We would talk about death like it was something you could feel. We imagined you would be lucid throughout, like it was kind of the sensation of trying fruitlessly to fight your way back, and finally realizing you were unable to. The death, we decided, was that last second you were able to feel, when you realized that you never would again. From my perspective, which he never quite realized, this meant people died hundreds of times every lifetime and quietly, stoically recovered. I could imagine this mad clamoring inside, trying so hard to reverse events that were out of your control, silently bartering with an unknowable force – maybe if you took back a cigarette here, went for a longer jog there – an eternal wondering if, with a simple touch of moisturizer, you could have lengthened your life. “The answer’s probably no,” he would always say heartlessly, pinching out the end of another cigarette and shaking his head at me, because his response was typical of my reaction to unnecessary displays of optimism. He couldn’t understand this because he didn’t know what it felt like to think about it. He had only the thought of how an uncertain death might make him feel. He didn’t know that this thought produced in me a similar feeling to the thought of unexpectedly losing him, eventually. He didn’t know I ritualistically prepared for death every day.

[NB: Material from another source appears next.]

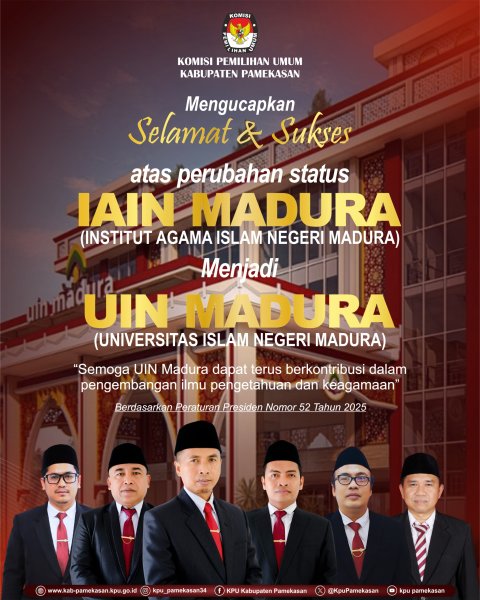 Pamekasan, 26 Mei 2025 – Komisi Pemilihan Umum (KPU) Kabupaten Pamekasan menyambut gembira dan memberikan apresiasi tinggi atas perubahan status Institut Agama Islam Negeri (IAIN) Madura menjadi Universitas Islam Negeri (UIN) Madura. Peresmian status baru ini ditandai dengan penyerahan Surat Keputusan (SK) Presiden dari Menteri Agama Republik Indonesia kepada Rektor UIN Madura pada hari ini, Senin (26/05/2025). Ketua KPU Pamekasan, Mahdi, dalam keterangannya menyatakan bahwa perubahan status ini merupakan tonggak sejarah penting bagi dunia pendidikan di Madura, khususnya Pamekasan. "Kami sangat bersyukur dan bangga IAIN Madura kini telah resmi menjadi UIN Madura. Ini adalah kabar baik yang telah lama dinantikan oleh seluruh elemen masyarakat Madura," ujar Mahdi. Menurut Mahdi, peningkatan status menjadi universitas akan membuka lebih banyak peluang bagi pengembangan keilmuan, penelitian, dan pengabdian kepada masyarakat. "Dengan status universitas, diharapkan UIN Madura dapat semakin berkembang, tidak hanya dalam bidang ilmu keagamaan, tetapi juga dalam berbagai disiplin ilmu lainnya yang relevan dengan kebutuhan zaman," tambahnya. Lebih lanjut, Ketua KPU Pamekasan juga menyoroti potensi besar UIN Madura dalam memberikan kontribusi positif terhadap peningkatan kualitas demokrasi di wilayah tersebut. "Sebagai institusi pendidikan tinggi, UIN Madura memiliki peran strategis dalam mencetak generasi muda yang cerdas, kritis, dan berintegritas. Ini tentu akan berdampak positif pada partisipasi politik dan kualitas demokrasi di Pamekasan dan Madura secara keseluruhan," jelasnya. KPU Pamekasan berharap, dengan status baru ini, UIN Madura dapat terus berinovasi dan menjadi pusat keunggulan pendidikan yang mampu bersaing di tingkat nasional maupun internasional. "Kami siap menjalin sinergi dan kolaborasi dengan UIN Madura dalam berbagai program yang berkaitan dengan pendidikan politik dan peningkatan kesadaran demokrasi di kalangan mahasiswa dan civitas akademika," pungkas Ketua KPU Pamekasan. Perubahan status ini diharapkan menjadi awal baru bagi UIN Madura untuk semakin maju dan memberikan dampak yang lebih luas bagi kemajuan pendidikan, kebudayaan, dan pembangunan di Pulau Madura.

In these days when the opportunity to fancy oneself a casual writer is available to any fantastic narcissist with an internet connection and a workable knowledge of the hunt and peck typing method, it is possible for me to know more about casual acquaintances who could barely give me the time of day than I know about people whom I’ve known my entire life. Now, with a better view of your back than I know I’ll ever have of your face, it terrifies me. It terrifies me to realize that the intimacy I now share with complete strangers makes my casual knowledge of your life inconsequential.